■ What to do
Below is a listing to write out in full, exactly as given, without its pictures.

■ Raw data
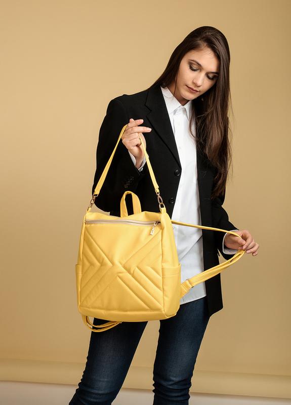 Рюкзак-сумка Trinity - это лучший вариант для людей, привыкших к стильной и активной жизни. Эта модель сочетает в себе разные стили, ведь Trinity можно носить как рюкзак и как сумку - это практично и удобно. Характеристики: Материал верха: новейшая экокожа повышенного уровня износостойкости (не менее 50 000 циклов по тесту Мертиндейла). Кожа водоотталкивающая, устойчивая к выцветанию, эластичная (не трескается при эксплуатации) и прочная на разрыв. Подкладка. Материал оксфорд средней плотности, прочный, устойчивый к царапин, легко чистится, нитки из него не выбираются. Благодаря соединению всех частей подкладки между собой, нагрузка на экокожу уменьшается и распределятся равномерно. Это продлевает срок службы кожи и швов извне. Фурнитура. Молнии типа YKK из надежного пластика. Бегунки металлические с фиксатором: рюкзак не откроется самостоятельно от нагрузок, а только рукой. Основное отделение на молнии. Шлейки. Плечевые ремни кожаные, надежно пришитые на планку по спинке. Присоединены к бокам кожаными треугольниками. Шлейки регулируются с помощью металлических регуляторов. Отдельная шлейка на карабинах, для удобного ношения на плече. Функциональность. Внутри рюкзака отдельное отделение под ноутбук до 15 дюймов (зависит от пропорций экрана и рамок вокруг него – при заказы уточняйте размер своего гаджета). Отделение надежно защищено пеноматериалом по всей высоте гаджета. С другой стороны, середине карман на молнии и один открытый карман.по бокам два открытых кармана для разных мелочей. Снаружи на спинке рюкзака есть один карман на молнии. Рюкзаки доступны во всех цветах.
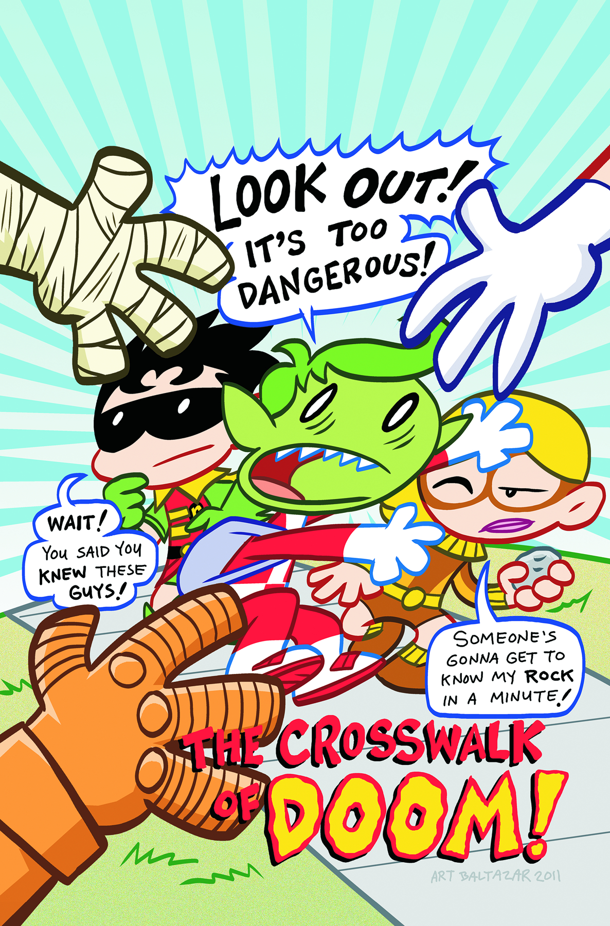 It's the issue of doom! Join the Tiny Titans as they - walk to school! Beast Boy takes a wrong turn when confronted by the crossing guards he calls The Doom Patrol. Plus, witness Beast Boy's first encounter with the Crossing Patrol Boys of Doom! Crossing the street has never been so tough!
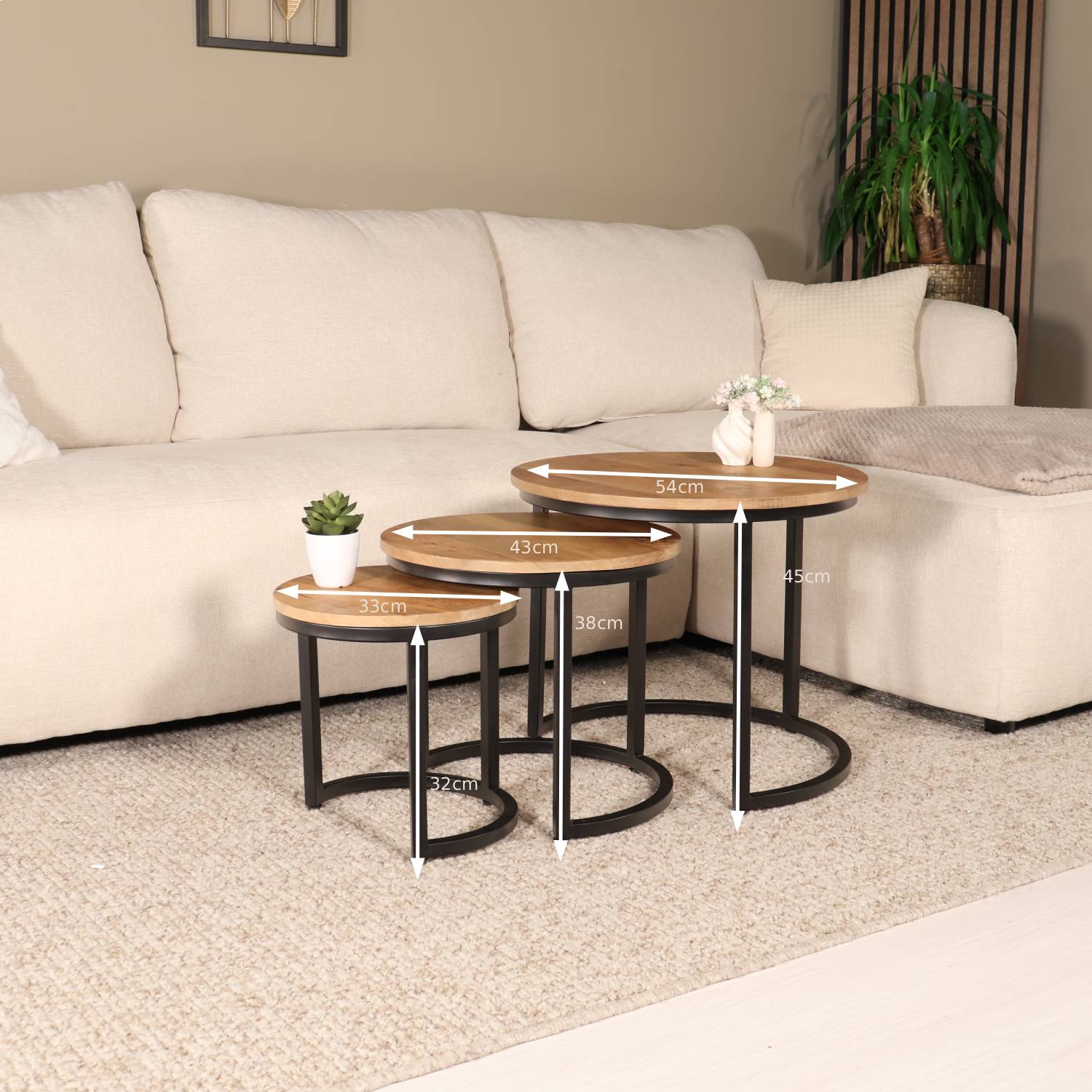 - Afmeting grootste tafel: Hoogte: 45,0cm Diameter Ø54,0cm

■ Response area
 Рюкзак-сумка Trinity - это лучший вариант для людей, привыкших к стильной и активной жизни. Эта модель сочетает в себе разные стили, ведь Trinity можно носить как рюкзак и как сумку - это практично и удобно. Характеристики: Материал верха: новейшая экокожа повышенного уровня износостойкости (не менее 50 000 циклов по тесту Мертиндейла). Кожа водоотталкивающая, устойчивая к выцветанию, эластичная (не трескается при эксплуатации) и прочная на разрыв. Подкладка. Материал оксфорд средней плотности, прочный, устойчивый к царапин, легко чистится, нитки из него не выбираются. Благодаря соединению всех частей подкладки между собой, нагрузка на экокожу уменьшается и распределятся равномерно. Это продлевает срок службы кожи и швов извне. Фурнитура. Молнии типа YKK из надежного пластика. Бегунки металлические с фиксатором: рюкзак не откроется самостоятельно от нагрузок, а только рукой. Основное отделение на молнии. Шлейки. Плечевые ремни кожаные, надежно пришитые на планку по спинке. Присоединены к бокам кожаными треугольниками. Шлейки регулируются с помощью металлических регуляторов. Отдельная шлейка на карабинах, для удобного ношения на плече. Функциональность. Внутри рюкзака отдельное отделение под ноутбук до 15 дюймов (зависит от пропорций экрана и рамок вокруг него – при заказы уточняйте размер своего гаджета). Отделение надежно защищено пеноматериалом по всей высоте гаджета. С другой стороны, середине карман на молнии и один открытый карман.по бокам два открытых кармана для разных мелочей. Снаружи на спинке рюкзака есть один карман на молнии. Рюкзаки доступны во всех цветах.
 It's the issue of doom! Join the Tiny Titans as they - walk to school! Beast Boy takes a wrong turn when confronted by the crossing guards he calls The Doom Patrol. Plus, witness Beast Boy's first encounter with the Crossing Patrol Boys of Doom! Crossing the street has never been so tough!
 - Afmeting grootste tafel: Hoogte: 45,0cm Diameter Ø54,0cm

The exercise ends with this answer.